Re: [vdo-devel] [PATCH v2 00/39] Add the dm-vdo deduplication and compression device mapper target.

Sweet Tea Dorminy <sweettea-kernel@xxxxxxxxxx> · Sun, 23 Jul 2023 02:24:32 -0400

We use a sort of message-passing arrangement where a worker thread is 
responsible for updating certain data structures as needed for the I/Os 
in progress, rather than having the processing of each I/O contend for 
locks on the data structures.  It gives us some good throughput under load but it does mean upwards of a dozen handoffs per 4kB write, depending on compressibility, whether the block is a duplicate, and various other factors. So processing 1 GB/s means handling over 3M messages per second, though each step of processing is generally lightweight. 

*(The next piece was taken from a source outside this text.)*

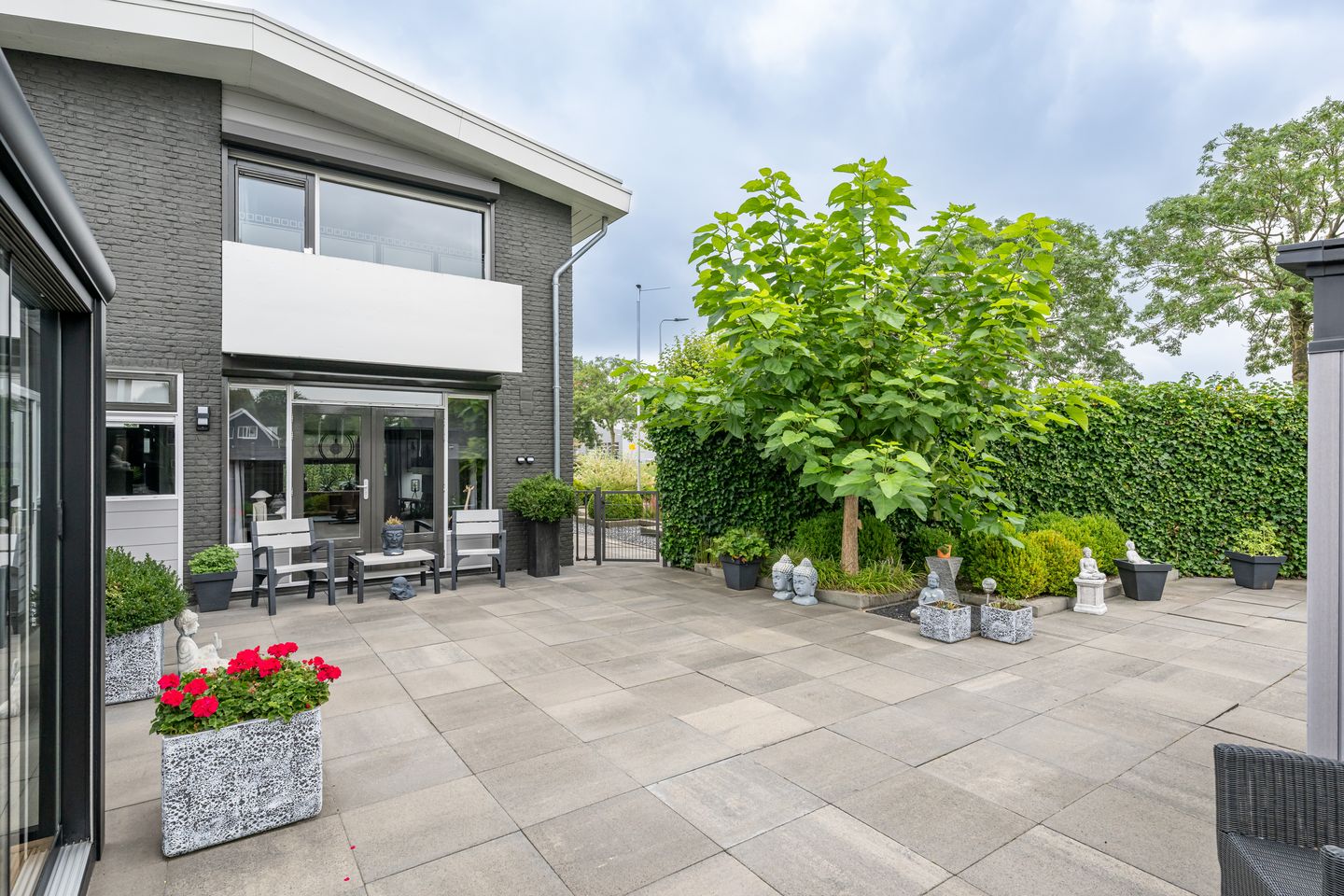 De borders met de vaste planten en de moderne onderhoudsarme bestrating maken het geheel compleet, 220 V, buitenverlichting en buitenkraan.

 There seems a natural duality between
work items passing between threads, each exclusively owning a structure, 
vs structures passing between threads, each exclusively owning a work 
item. In the first, the threads are grabbing a notional 'lock' on each 
item in turn to deal with their structure, as VDO does now; in the 
second, the threads are grabbing locks on each structure in turn to deal 
with their item.

If kernel workqueues have higher overhead per item for the lightweight 
work VDO currently does in each step, perhaps the dual of the current 
scheme would let more work get done per fixed queuing overhead, and thus 
perform better? VIOs could take locks on sections of structures, and 
operate on multiple structures before requeueing.

This might also enable more finegrained locking of structures than the 
chunks uniquely owned by threads at the moment. It would also be 
attractive to let the the kernel work queues deal with concurrency 
management instead of configuring the number of threads for each of a 
bunch of different structures at start time.

On the other hand, I played around with switching messagepassing to 
structurelocking in VDO a number of years ago for fun on the side, just 
extremely naively replacing each message passing with releasing a mutex 
on the current set of structures and (trying to) take a mutex on the 
next set of structures, and ran into some complexity around certain 
ordering requirements. I think they were around recovery journal entries 
going into the slab journal and the block map in the same order; and 
also around the use of different priorities for some different items. I 
don't have that code anymore, unfortunately, so I don't know how hard it 
would be to try that experiment again.

Sweet Tea